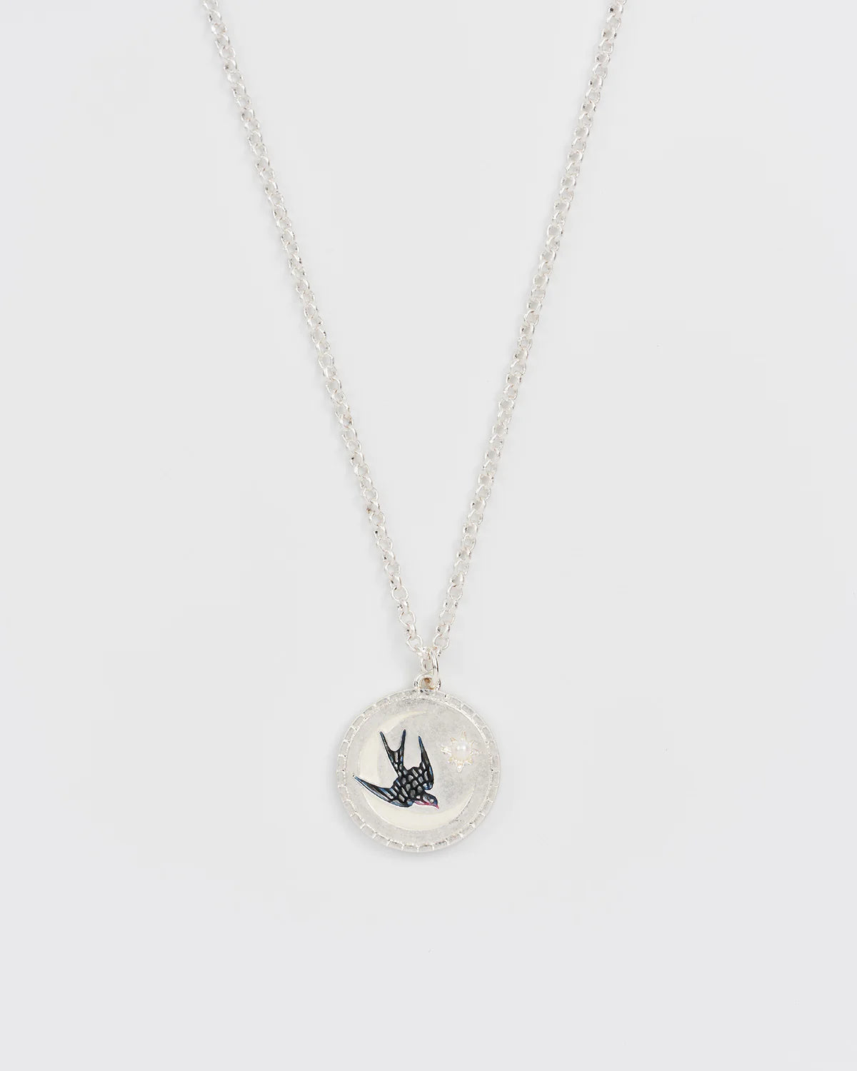 A zománccal, kézzel festett fecske madárka egy koptatott ezüstözött sárgaréz korongon száll, a Nap és a Hold égi szimbólumai kíséretében - időtlen emlékeztetőként arra, hogy mindig vigyáznak rád, még az élet legcsendesebb óráiban is...
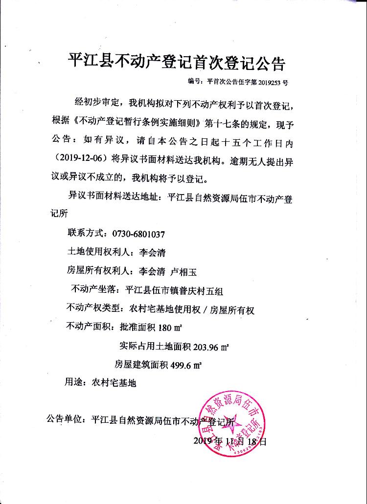 李会清 卢湘玉 平江县不动产首次登记公告 伍字第2019253号
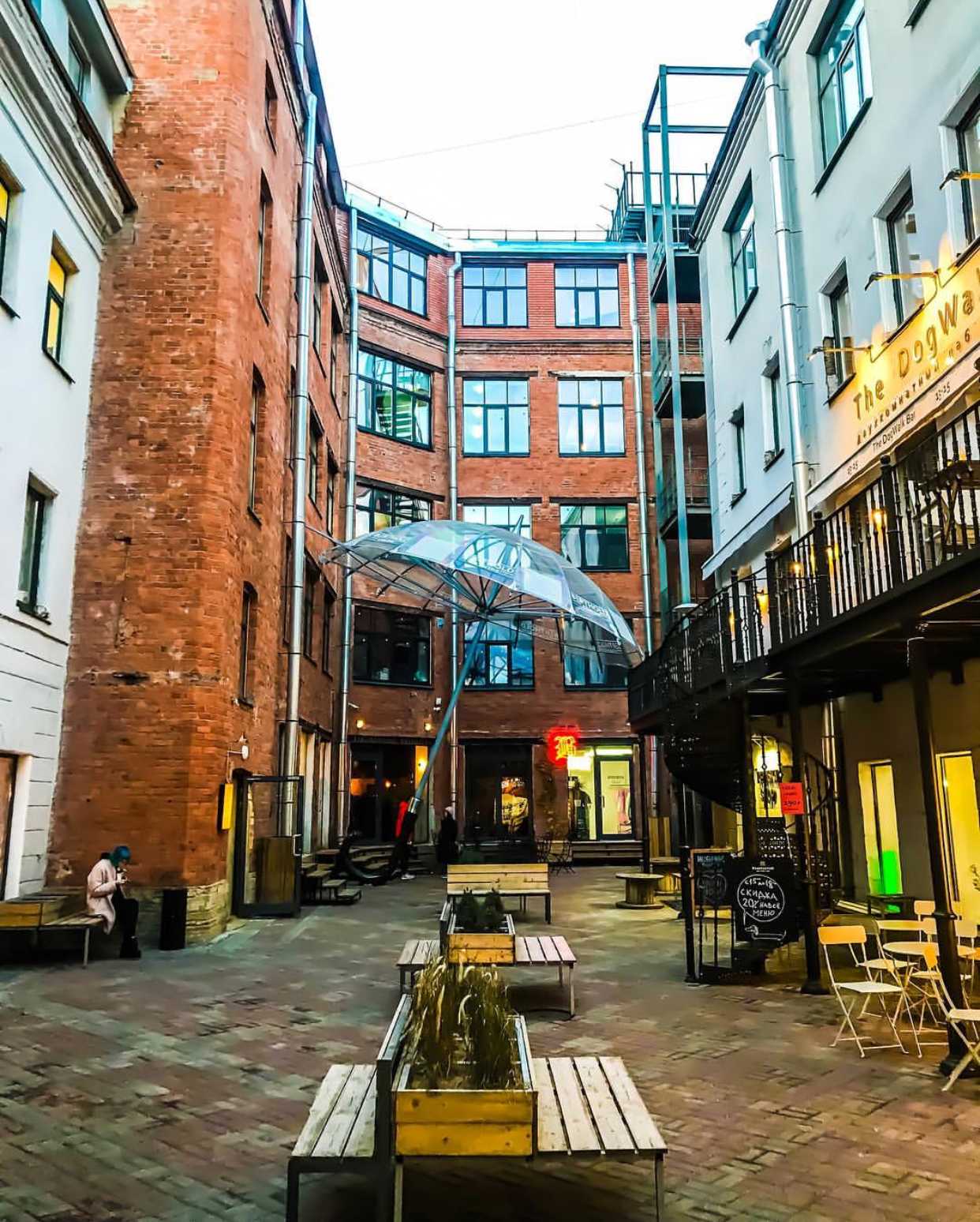 А рядом с галерей искусства на Казанской, вы можете найти Бертгольд центр, который стал еще одним популярным арт-кластером Петербурга. На его территории есть несколько ресторанов и кофеен, магазины с сувенирами и иностранными книгами, а также необычные арт-объекты. Например, гигантский зонтик, который накрывает почти весь дворик Бертгольд центра. Говорят, в народе его прозвали памятником питерскому дождю.

---------------

### EXERCISE DETAILS
Reproduce the material word for word. Any pictures should be left out of the copy.

### EXERCISE ANSWER
 A zománccal, kézzel festett fecske madárka egy koptatott ezüstözött sárgaréz korongon száll, a Nap és a Hold égi szimbólumai kíséretében - időtlen emlékeztetőként arra, hogy mindig vigyáznak rád, még az élet legcsendesebb óráiban is...
 李会清 卢湘玉 平江县不动产首次登记公告 伍字第2019253号
 А рядом с галерей искусства на Казанской, вы можете найти Бертгольд центр, который стал еще одним популярным арт-кластером Петербурга. На его территории есть несколько ресторанов и кофеен, магазины с сувенирами и иностранными книгами, а также необычные арт-объекты. Например, гигантский зонтик, который накрывает почти весь дворик Бертгольд центра. Говорят, в народе его прозвали памятником питерскому дождю.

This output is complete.